James Harden is on the Verge of Becoming Joel Embiid’s Worst Nightmare and the 76ers’ Biggest Mistake
Before the internet-breaking trade that sent James Harden to the Philadelphia 76ers for Ben Simmons, Joel Embiid was leading Philly on his own. The MVP candidate couldn’t rely on his former running mate in Simmons anymore, as the guard’s frustrations kept him off the court and became the primary reason for the trade. So, Embiid had to carry his team by himself.
Now, though, he’s sharing a court with Harden, which should make for less pressure.
But that hasn’t been the case. The Beard is quickly becoming Embiid’s worst nightmare and the 76ers’ biggest mistake.
Philly’s dominant big man is likely wishing he was still alone.
Ben Simmons failed to help Joel Embiid in the playoffs
The Ben Simmons-Joel Embiid partnership never quite worked. It looked like they figured things out last year when the 76ers went 49-23 and finished first in the Eastern Conference, but Simmons choked in the postseason.
While Embiid averaged 28.1 points and 10.5 rebounds in 11 playoff games, the LSU product didn’t add much scoring-wise. He recorded just 11.9 points per game in 12 postseason contests.
Despite Simmons’ extreme ineffectiveness, though, James Harden’s playoff impact for Philadelphia could actually be worse.
Harden is becoming a liability.
James Harden is showing his age with some horrific performances
Joel Embiid already had one failed partnership. Now, it appears history could be repeating itself.
James Harden looks bad.
His season averages are ugly enough. The 2017-18 NBA MVP’s 22.0 points per game are the fewest since he played for the Oklahoma City Thunder. He’s also shooting his worst field-goal percentage (41.0%) since his rookie campaign and is making three-pointers at a career-low rate (33.3%).
And The Beard has been even worse lately.
In his last 10 games, Harden is averaging 19.1 points on an atrocious 36.8% shooting. He’s also only making 29.9% of his three-pointers.
The seven-time All-NBA selection has still been a strong facilitator, averaging 9.9 assists in those recent games. But that’s not what Embiid needs in the playoffs. Simmons averaged nearly 9.0 assists in the postseason last year.
The big man needs another scorer.
No, Simmons didn’t help Philly in that way, but he at least didn’t become as much of a liability. The 2017-18 Rookie of the Year made 62.1% of his field-goal attempts in the playoffs and only turned it over 2.3 times per game. Harden is averaging 3.6 turnovers in his last 10 contests.
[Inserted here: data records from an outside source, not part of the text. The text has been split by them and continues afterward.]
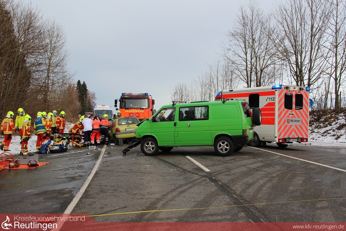 Die Feuerwehr Metzingen wurde am frühen Mittwochnachmittag zu einem Verkehrsunfall auf die L 378a zwischen Metzingen und Reutlingen gerufen. Aus bislang ungeklärter Ursache prallten ein VW-Kleinbus und ein Renault Twingo nahezu frontal zusammen. Dabei wurde eine Person in ihrem PKW eingeklemmt und musste mittels hydraulisch Rettungsgerät von der Feuerwehr befreit werden. Die schwerletzte Person wurde anschließend mit dem Rettungsdienst in eine Klinik eingeliefert. Beide Fahrzeuge mussten durch Abschleppunternehmen geborgen werden. Die Landstraße musste für die Dauer der Unfallaufnahme bis ca. 16:30 Uhr voll gesperrt werden. Im Einsatz waren die Feuerwehr Metzingen, Abteilung Stadtmitte, mit fünf Fahrzeugen und 18 Einsatzkräften, der Rettungsdienst mit zwei Rettungswagen und einem Notarzt sowie die Polizei mit mehreren Streifenwagen.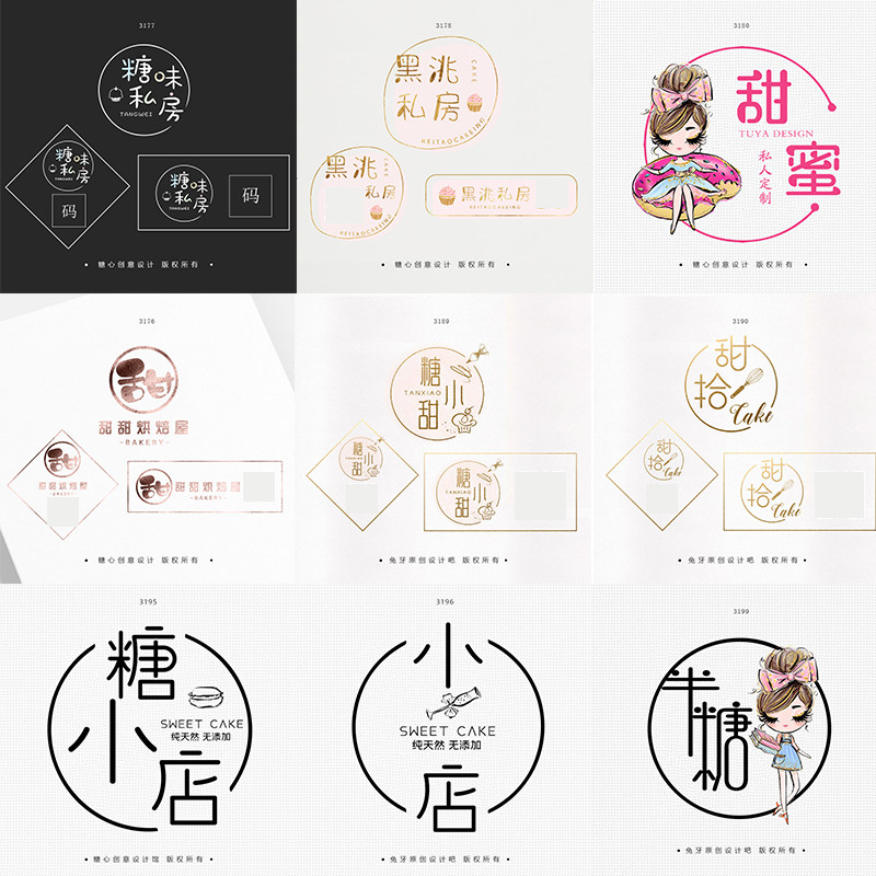 蛋糕店logo設計原創(chuàng)意網(wǎng)紅淘寶甜品面包頭像水印店標頭招牌制作價格行情
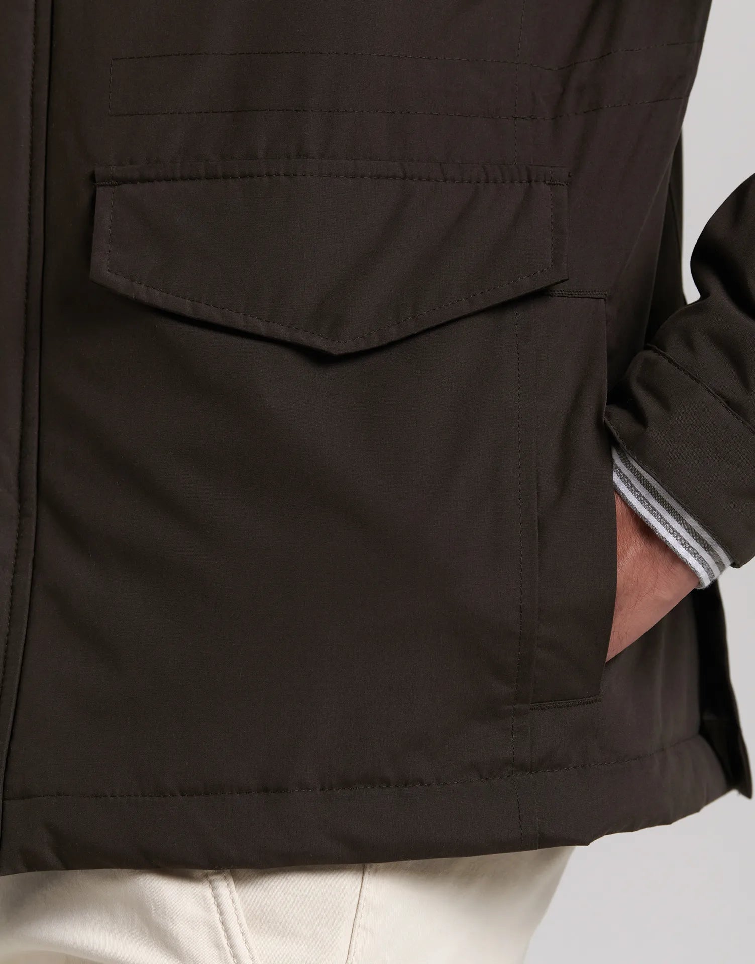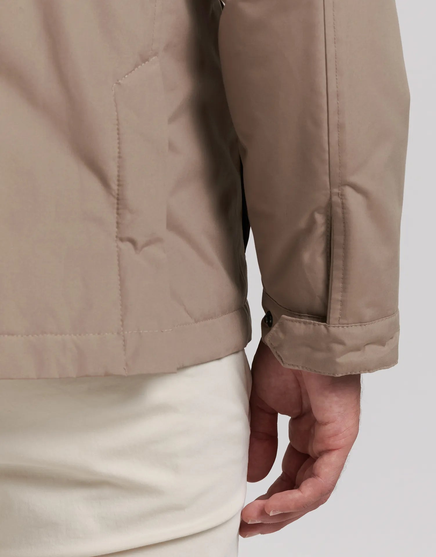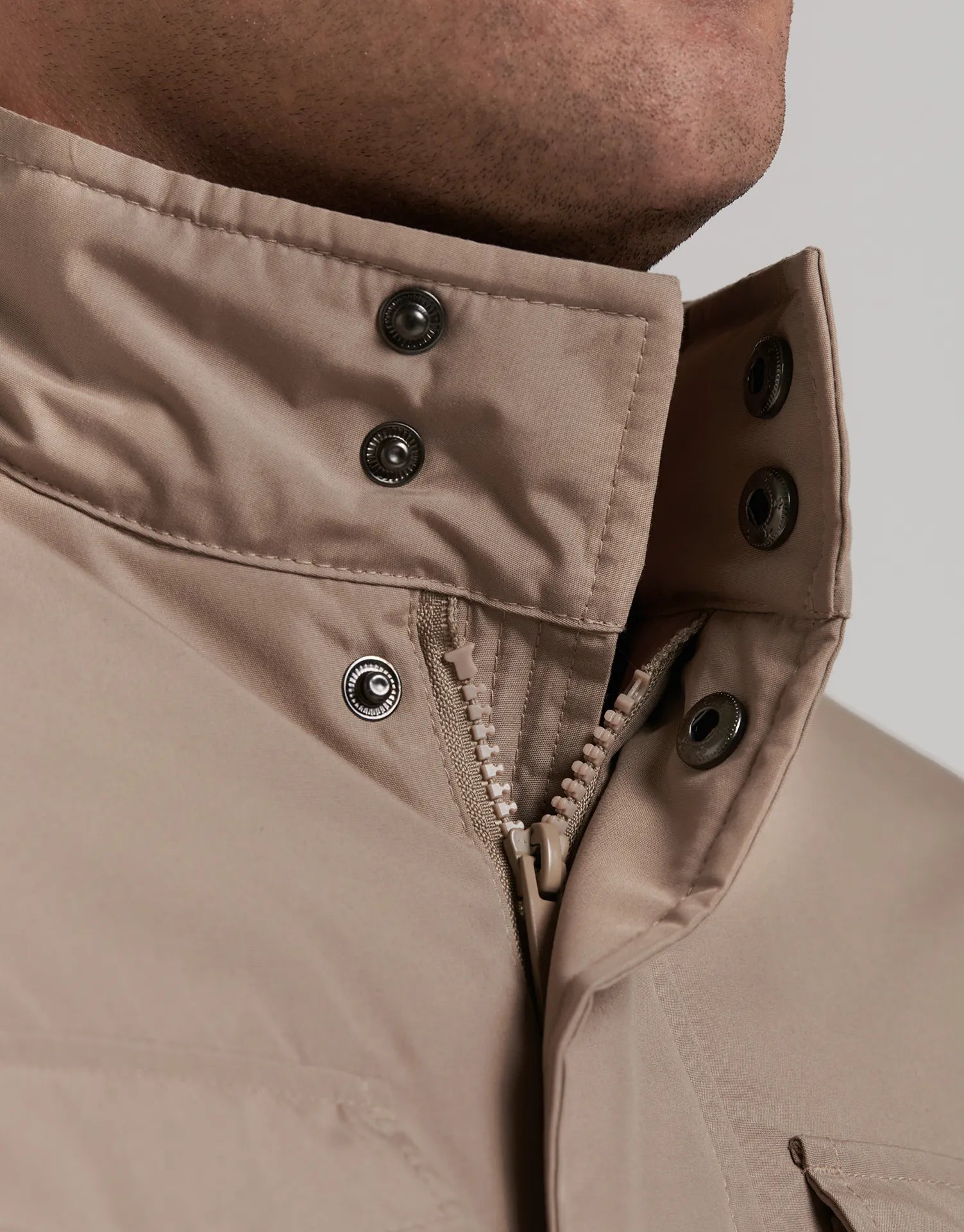 - Tejido exterior de acabado mate con tacto suave y estructura resistente al viento.

Sure, Simmons’ playoff numbers and Harden’s recent stats are small sample sizes, but they are almost an identical amount of games (12 compared to 10). So, that means the latter needs to step up.
If he doesn’t, he could be the main reason the 76ers suffer another early playoff exit and, in turn, become Embiid’s worst nightmare.
James Harden could become the 76ers’ biggest mistake
The Sixers proved they weren’t in a rush to trade Ben Simmons. He didn’t play all year, and they waited until February to deal him.
So, if holding on to the three-time All-Star didn’t bother them, they should have just kept him until this offseason and acquired someone better than James Harden then.
Harden has a $47 million player option for next year. If he continues performing the way he has lately, no other team will want to pay him that much cash. So, the third overall pick in the 2009 NBA Draft will likely pick it up and stay in Philly for another year.
But he will be 33 years old next season. Does anyone expect him to go back to the days when he was an elite scorer for the Houston Rockets? The three-time scoring champ will likely be just as bad, if not worse, next year. He could could very well waste another one of Joel Embiid’s prime seasons.
James Harden needs to improve his play immediately. It’s hard to imagine him turning back the clock and becoming the same force he was a few years ago. His burstability is gone, and his isolation game is less effective. However, he can still adapt to his older body and find other ways to score.
If he can’t do that, he will quickly go down as one of the 76ers’ biggest mistakes in franchise history.